You don't have to prove you don't have one, they have to prove you do. Write a letter stating you have no need of a license as you have no equipment, and any further demands for payment will be deemed as harassment and forwarded to the relevant authorities.


----------



## Sandals

A family member (nun living alone) was forced into getting a TV licence after repeatedly called on by "some sort of a person". There was an old dish on the side of the house. No TV in the house. However bought TV licence as didnt know at the time what to do and then decided to buy a TV and needless to say it has become well used, in fact just got a saorview box installed.


----------



## callybags

I'm sure I read somewhere that with a second or final demand for the license comes a Statutory Declaration Form where you can effectively swear on oath that you don't have a tv.
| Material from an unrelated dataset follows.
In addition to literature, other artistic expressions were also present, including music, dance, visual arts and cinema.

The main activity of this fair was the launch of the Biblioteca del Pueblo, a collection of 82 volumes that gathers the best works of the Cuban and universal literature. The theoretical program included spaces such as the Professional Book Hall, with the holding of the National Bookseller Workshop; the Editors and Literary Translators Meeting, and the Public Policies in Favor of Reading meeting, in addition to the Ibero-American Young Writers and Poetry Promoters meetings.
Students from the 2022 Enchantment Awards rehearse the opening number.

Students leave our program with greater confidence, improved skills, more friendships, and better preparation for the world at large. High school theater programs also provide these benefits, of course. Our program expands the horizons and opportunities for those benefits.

But I can't find anything on it so could be completely wrong.


----------



## roker

I got caught once because I still had an aerial installed on the chimney, (it was capable of receiving a signal they said)


----------



## martindfs

so if i dont have soarview unit do i have to pay the licence next year?   aerials will be obsolete from 21st october so where do i stand


----------



## jhegarty

You don't need a TV license for an aerial.


----------



## ajapale

jhegarty said:


> You don't need a TV license for an aerial.


Are you sure about that?
*TV License - Court summons*


----------



## Dermot

If you have no TV you do not need a license. Do not allow yourself to be bullied into purchasing one if you have no Tv


----------



## Time

jhegarty said:


> You don't need a TV license for an aerial.





ajapale said:


> Are you sure about that?
> *TV License - Court summons*



This point has not been properly tested in the courts. 
An Post will always maintain you do but the law as it stands says otherwise.
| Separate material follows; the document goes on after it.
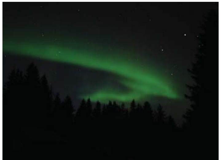
The Northern lights

Even though it's sad to leave Finland and all the awesome people I've met, I have to say I am so excited to be meeting up with my brothers in a few hours in Munich and then exploring Germany with them. And then (after a quick pit stop in Newark, New Jersey) it's off to Costa Rica!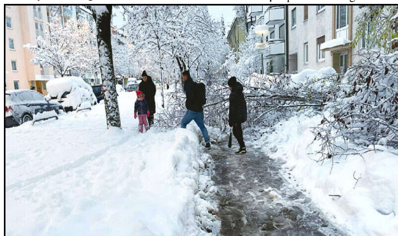
Pedestrians walk on a footpath buried under inches of snow in Munich.

man national. He was then chased by police and attacked two other people with a hammer before being arrested. The suspect had shouted out "Allahu akbar" (God is Greatest) and told police he was upset because "so many Muslims are dying in Afghanistan and in Palestine" and was also upset about the Gaza situation, Darmanin said. "I send all my condolences to the family and loved ones of the German national who died this evening during the terrorist attack in Paris and think with emotion of the people currently injured and in care," President Macron said on social network platform X. Prime Minister Elisabeth Borne expressed defiance in the face of such attacks. "We will not give in to terrorism," she wrote on X. French anti-terrorism prosecutors are leading the investigation into Saturday night's incident.

Appealing to An Post is not going to yield a proper answer, the only way An Post are going to stop saying this is for them to lose in court on this point. So far people are reluctant to take them on.


----------



## shesells

The 2009 Broadcasting Act only mentions televisions. I was under the impression that it was any device capable of receiving a signal but having scanned the appropriate parts of the Act (sections 142-149) I can't see anything to back that up.


----------



## Time

> The 2009 Broadcasting Act only mentions televisions.
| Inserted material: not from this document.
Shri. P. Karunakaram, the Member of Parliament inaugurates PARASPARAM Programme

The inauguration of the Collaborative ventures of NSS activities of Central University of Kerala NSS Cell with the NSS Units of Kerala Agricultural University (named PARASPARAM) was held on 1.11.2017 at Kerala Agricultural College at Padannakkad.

Indeed that is the case but An Post don't share that viewpoint.


----------



## Omega

I was threatened with legal action a few years ago for having an aerial on the roof (there was no TV) and I was forced, through gritted teeth, to buy a license *for the aerial* after a long conversation with a very stroppy employee in An Post. I got absolutely nowhere with him, even after inviting him to send someone to the house anytime to check for televisions. He was absolutely adamant that under the 1926 Act (at the time) an aerial was required.


----------



## Time

You should have let him take you to court. They would have soon backed down.


----------



## jhegarty

If aerials required a license then you would need one for any coat hangers in your house and possibly your fillings.


----------



## AlbacoreA

martindfs said:


> so if i dont have soarview unit do i have to pay the licence next year?   aerials will be obsolete from 21st october so where do i stand



Why will aerials be obsolete?


----------



## martindfs

AlbacoreA said:


> Why will aerials be obsolete?


 
with saorview its digital so no need for an aerial. is it if you have a tv you need a licence???


----------



## Bronte

It looks like once An post decide to target you they will not rest until it's proved in court. Don't be afriad of goign to court. I have a sibling who went into the District Court, she just spoke honestly and the judge was very nice and threw out the case. (In that case it was the responsibility of the owner to have the licence, not the lodger).  Everybody else who didn't show up (mostly everybody) got a fine.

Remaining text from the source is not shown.